Integrating Active Videos into Active Learning
Dawson’s second active learning classroom became operational last week. Active learning classrooms have created some interesting challenges. Students sit in groups of six or seven and don’t need to face you because the rooms contain eight Smartboards of which only two are for the teacher. You can project your PowerPoint or your Smartnotes and students can look at those or they can look at you. Whatever the case, we’re trying to have more active learning situations that take advantage of this new environment. I prepare problems for the class to solve so they’re more active. After this short burst of activity, I can go back to teaching for ten minutes, trying to keep learners involved through participation in a variety of activities.

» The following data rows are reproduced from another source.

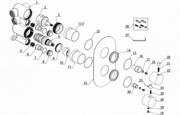 Borealis Thermostatic Three Outlet Triple Shower Valve – Chrome
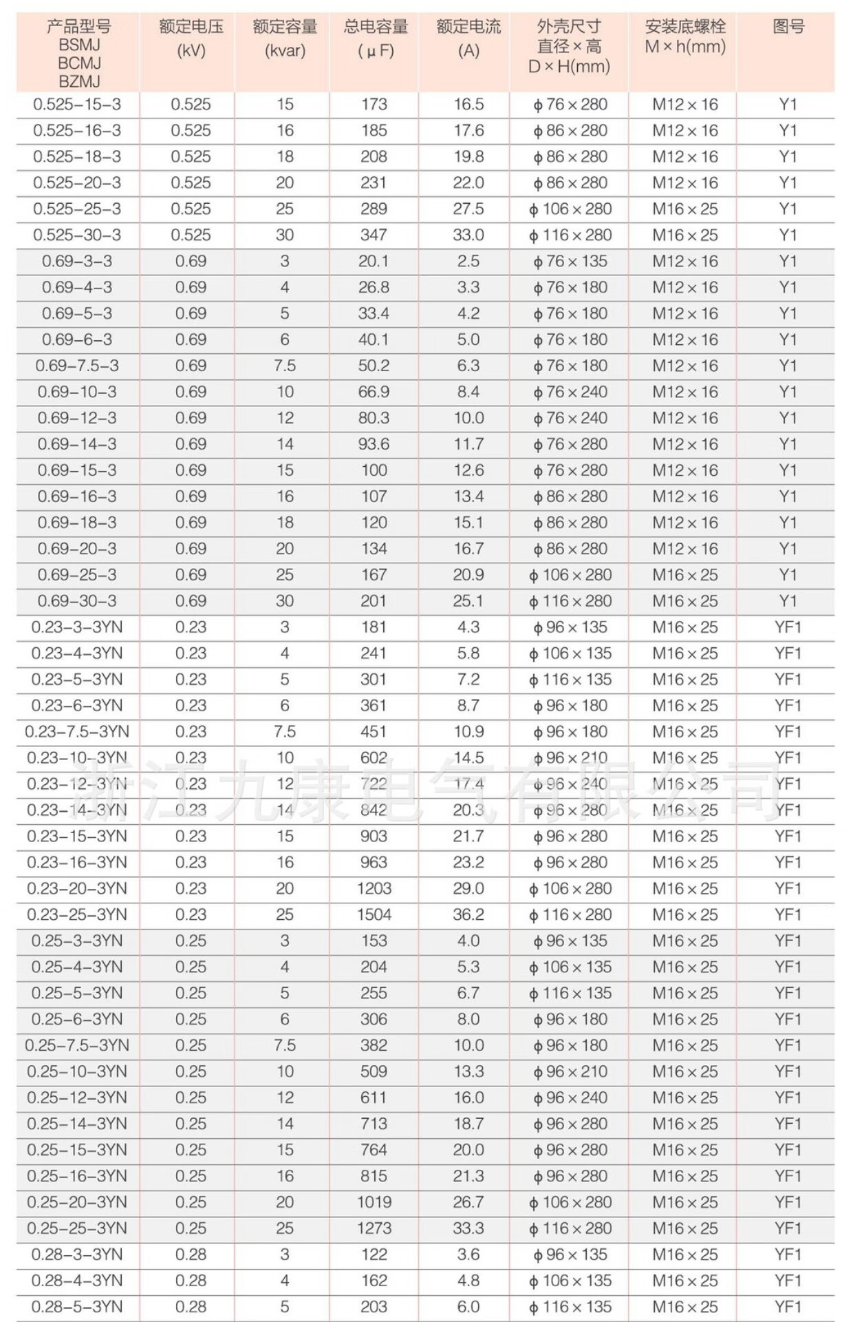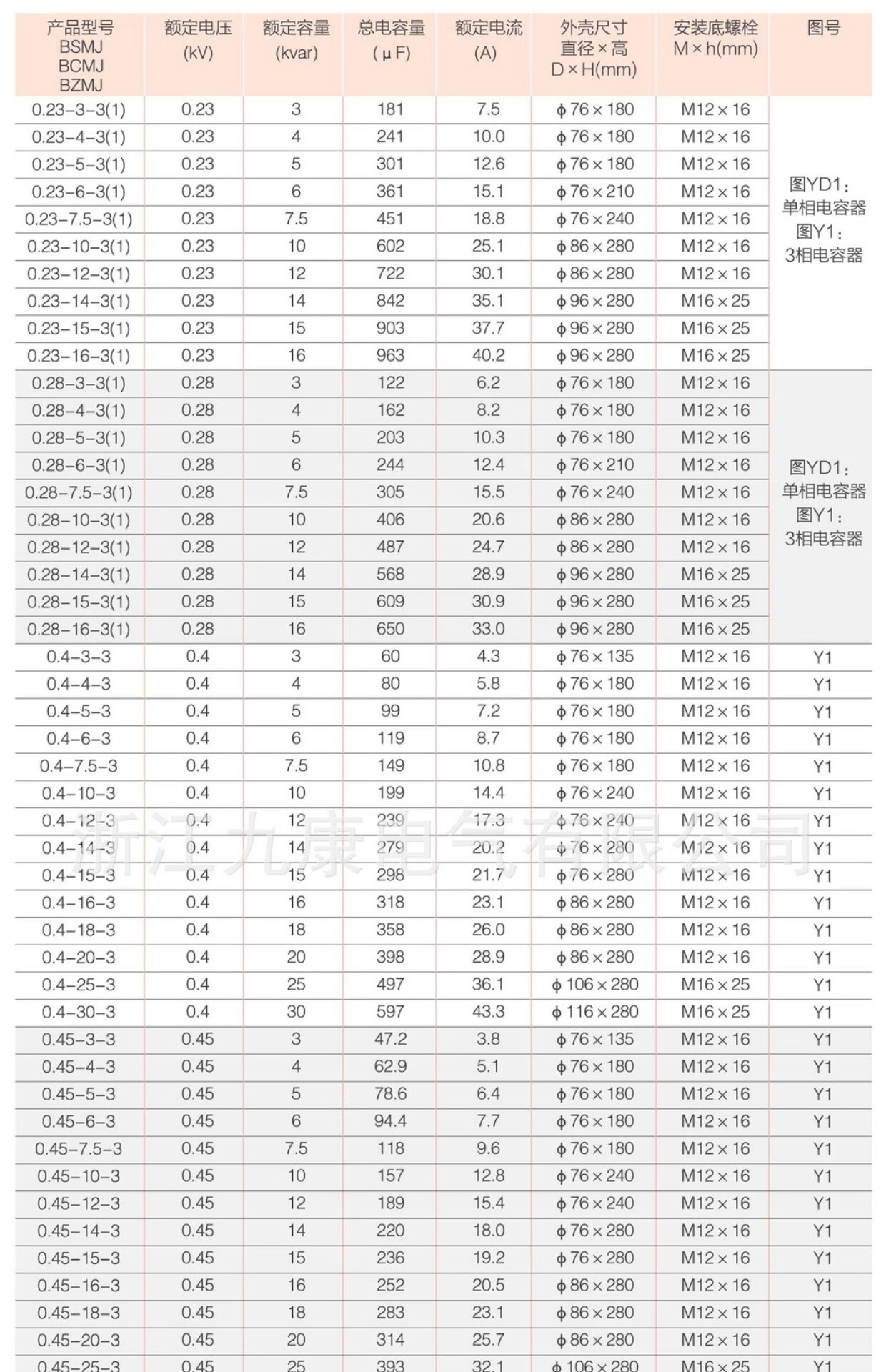 Jiukang Electric BGMJ0.4/0.45/0.48/-15/20/30/40-3 cylindrical low voltage parallel capacitor 045153
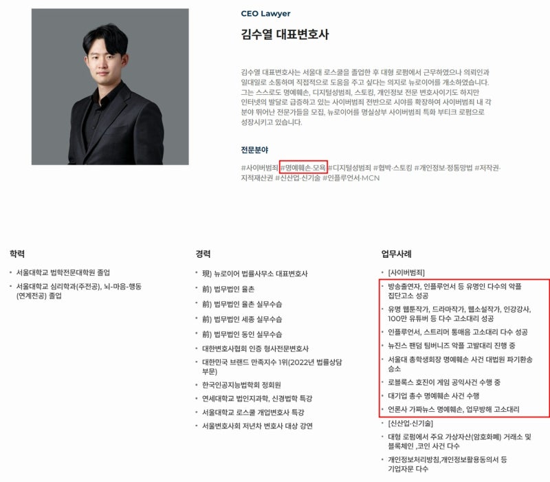 뉴로이어 법률사무소 김수열 대표변호사입니다.

Dawson’s New Active Learning Classroom in the final stages of construction
The Challenge
On a personal note, I’m friends with Christian Viel, the cinematographer. Although he’s a movie director, he has a bachelors in chemistry. I saw that SALTISE was offering a mini-grant of $1800, and I convinced him to help me in a project to make videos for my classes. We initially wanted to make crazy magic videos where you light something up, and it explodes, or a balloon catches on fire. I know there are a lot of those videos online right now, but many of them are recorded with a phone device. There’s lots of background noise and often a lot of swearing. Things are not explained. We wanted to make clips under five minutes long that would explain a chemical phenomenon with good camerawork and lighting.
Our project was accepted, but SALTISE asked for more course oriented material. We adapted our project to General Chemistry. We’ve taken on a lot of serious topics in chemistry such as heat exchange, acid based reaction and colour change precipitation in a manner that’s visually engaging.
The Inspiration
Furthermore, we wanted to make the videos more interactive to reach out to active learners by providing decisions to make. We got this idea from a YouTube video made by Patrick Boivin with characters from Street Fighter. The viewer could touch a character on the screen and he would give a punch. What would really happen was the viewer would be switched to another video where the character would give a punch. Clicking again would replay the punch relooping the same video, or if you clicked on the kick, it would switch to the kick video. The viewer has the impression of control, but the author has videotaped all the options.
We wanted to film experiments that would have at least two different outcomes so that students could click on a given outcome and switch to another video which would give you that result, answer or conclusion.
Chem Curious YouTube channel, project of Yann Brouillette
The Results
Our first attempt used Coca-Cola cans in a big jar of water. Students could see which cans would float or not depending on the sugar content. After that, we decided we would make ten videos and ended up making twelve. Some are very exciting, but some aren’t. We decided that it was nice to always have a cool impact, a cool solution where something explodes, sinks or precipitates, becoming red, yellow or white. But, once you start telling chemistry students about reactions, they think that everything reacts all the time. It’s good to go back to the basics and say, No, some things don’t react and that’s why we’re able to hold on to a glass and drink water, and water will not dissolve your glass.
And so, we planned reactions where one of the outcomes would give you nothing, and one of the outcomes would produce a reaction. The videos might not all be entertaining for the general public because some of the outcomes are rather boring, but they are educational in that students realize not everything reacts with a bang.
Video introducing density with soda cans which have different sugar content
I’m able to project a link to every group in the active learning classroom. Student groups will choose the different outcomes together. At times these choices will serve as an introduction to a subject. For example, the video with the soda cans introduces density. Other videos will be played at the end of a topic. Another advantage is that if I don’t have time to show a video in class, I can give students the link on LEA so that they can see them at home.
There are three videos about precipitation reactions. Aqueous solutions that are transparent liquids that when mixed together sometimes produce a solid precipitate of certain colours but sometimes don’t. There are many rules about this – one element doesn’t create a precipitate – another one does – and after a while students lose focus. Cutting the lesson in half with a video and then going back to the rules makes the information more dynamic, more fun and gives learners a visual image to remember before they begin experimenting in the lab.
The Next Step
I look at these videos as the cool solution in the reaction between my interests in chemistry, film and active learning. As these films have been posted on YouTube, I would like to extend an invitation to Profweb’s readers to use them in the classroom or as a model for other productions. Have you developed material specifically for use in an active learning classroom?